Medicinal Chemistry and Biotechnology Division, CSIR-Indian Institute of Chemical Technology (IICT), Hyderabad 500007, India; Academy of Scientific and Innovative Research, New Delhi 110 025, India.
Medicinal Chemistry and Biotechnology Division, CSIR-Indian Institute of Chemical Technology (IICT), Hyderabad 500007, India.
Bioorg Chem. 2018 Apr;77:515-526. doi: 10.1016/j.bioorg.2018.02.005. Epub 2018 Feb 12.

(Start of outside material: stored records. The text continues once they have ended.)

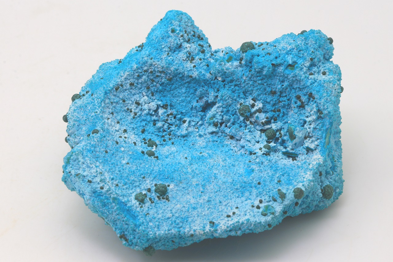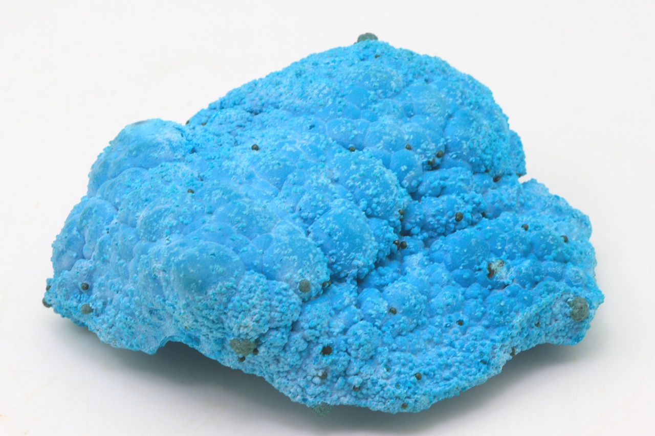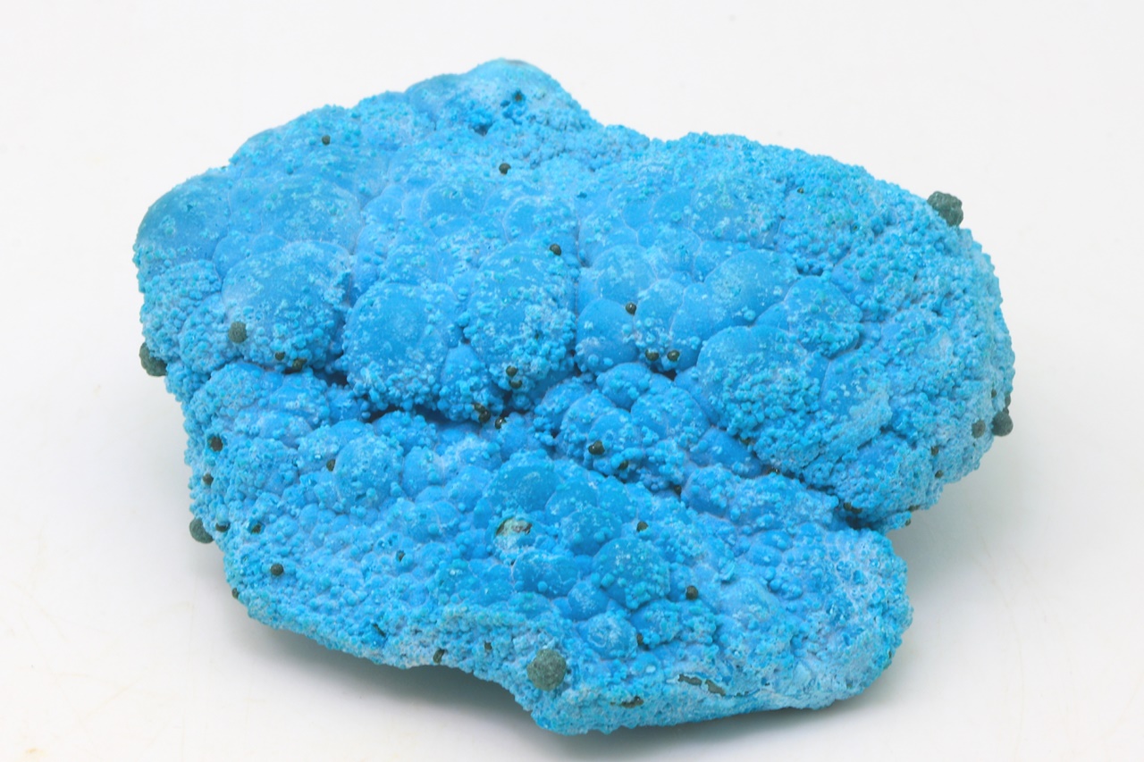 Wunderschöner blau Chrysokol von weltweiter Qualität bildet nierenförmige Aggregate, die mit etwa 1 mm großen kugelförmigen Aggregaten desselben Minerals und bis zu 4 mm großen Kugeln aus Malachit bedeckt sind. Die Probe ist stabilisiert, deshalb verliert sie im Laufe der Zeit kein Wasser und damit auch nicht die Farbe.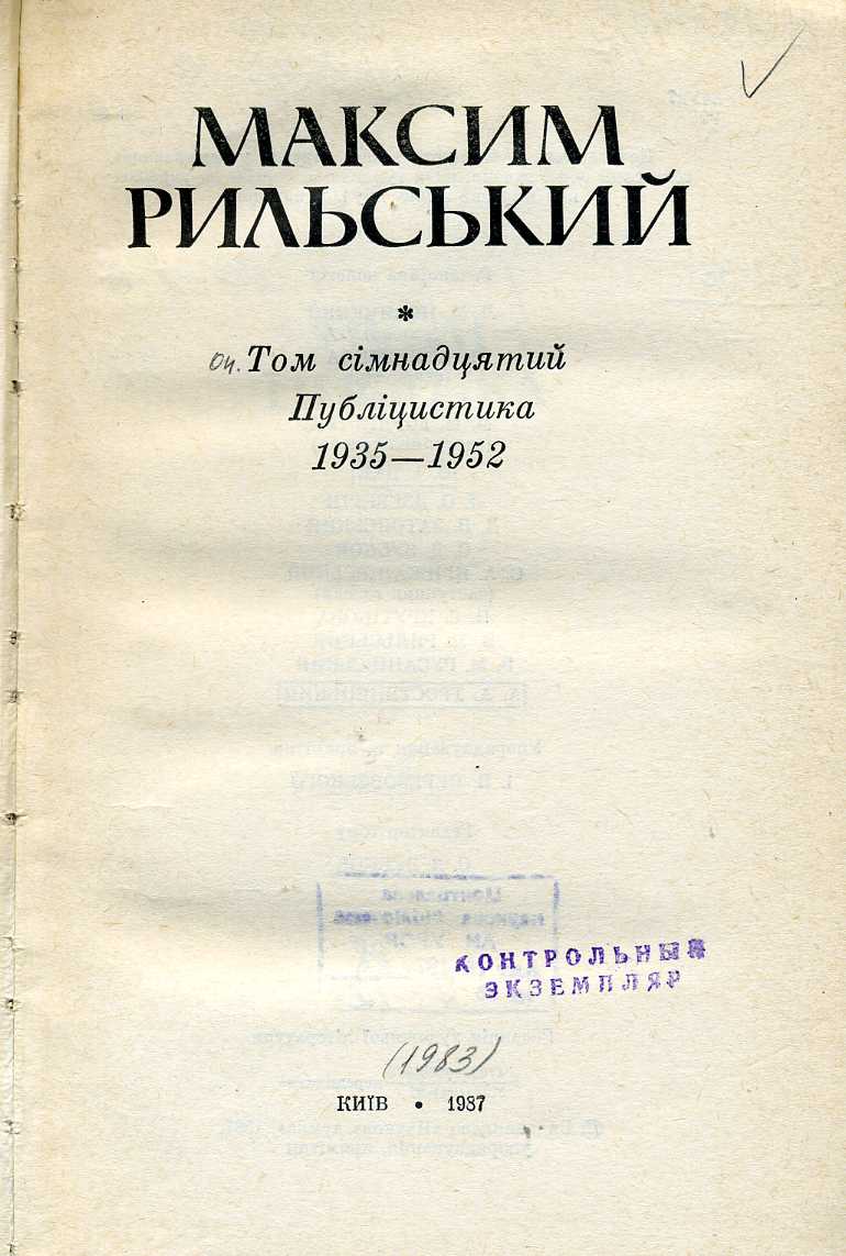 Т. 17 : Публіцистика 1935–1952 / упоряд. та прим. І. П. Березовського ; ред. тому С. Д. Зубков. – 1987. – 510 с. : портр., 2 л. іл.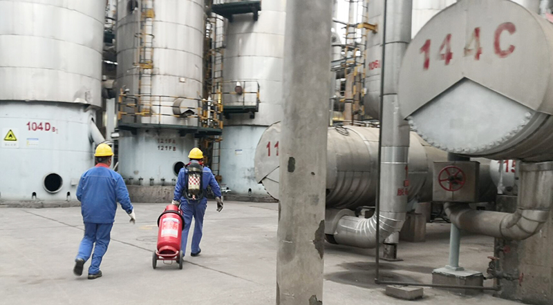 下午15时,应急演练在现场巡检人员冲进合成氨中心控制室内报告展开。演练过程中:接到报告的班组长第一时间通知公司消防救护、公司调度、并告知车间,并且立即启动《火灾事故应急救援预案》、迅速组织人员成立灭火小组开展现场灭火行动。灭火小组快速佩戴好空气呼吸器、携带上通讯工具、进入装置着火位置。来到现场,灭火人员首先对现场有无人员被困、火势大小、来风方向进行观察,另一人员迅速拉来附件灭火器对准泄漏点火焰根部进行灭火,为避免火灾事故扩大,现场人员立即联系合成氨装置中心控制人员降低装置运行负荷,降低系统压力,减小泄漏,为灭火行动提供辅助。其余人员快速蔬散现场无关人员,要求与着火位置保持安全距离。20分钟后,泄漏得到有效控制和消除,紧张有序的演练结束。车间安全员、相关岗位技术员观摩了此次应急演练。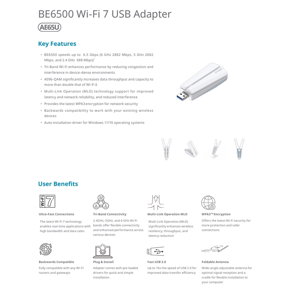 D-LINK 友訊 AE65U BE6500 Wi-Fi 7 USB Dongle 三頻無線網卡 昌運監視器

A series of imidazo[2,1-b]thiazole-benzimidazole conjugates were synthesized and evaluated for their antiproliferative activity against four human cancer cell lines i.e.; HeLa (cervical), A549 (lung), MCF-7 (breast) and DU-145 (prostate) along with normal HEK-293 cell line. Amongst them, conjugate 6d displayed significant cytotoxicity against human lung cancer cell line, A549 with IC value 1.08 µM. Further, cell cycle analysis revealed that this compound arrested the cell cycle at G2/M phase in A549 cells. Furthermore, the tubulin polymerization assay results suggest that this conjugate (6d) exhibits significant inhibitory effect on the tubulin assembly with an IC50 value of 1.68 µM. Moreover, the apoptotic inducing properties of compound 6d was confirmed by Hoechst staining, measurement of mitochondrial membrane potential (ΔΨm) and annexin V-FITC assay. Further, molecular docking studies revealed that compound 6d occupied the colchicine binding site.
一系列咪唑并[2,1-b]噻唑-苯并咪唑缀合物被合成,并评估了它们对四种人癌细胞系(即 HeLa(宫颈)、A549(肺)、MCF-7(乳腺)和 DU-145(前列腺))以及正常 HEK-293 细胞系的抗增殖活性。其中,缀合物 6d 对人肺癌细胞系 A549 表现出显著的细胞毒性,IC 值为 1.08 µM。此外,细胞周期分析显示,该化合物将细胞周期阻滞在 A549 细胞的 G2/M 期。此外,微管聚合实验结果表明,该缀合物(6d)对微管组装具有显著的抑制作用,IC50 值为 1.68 µM。此外,通过 Hoechst 染色、线粒体膜电位(ΔΨm)和 Annexin V-FITC 测定证实了化合物 6d 的诱导凋亡特性。此外,分子对接研究表明,化合物 6d 占据了秋水仙碱结合位点。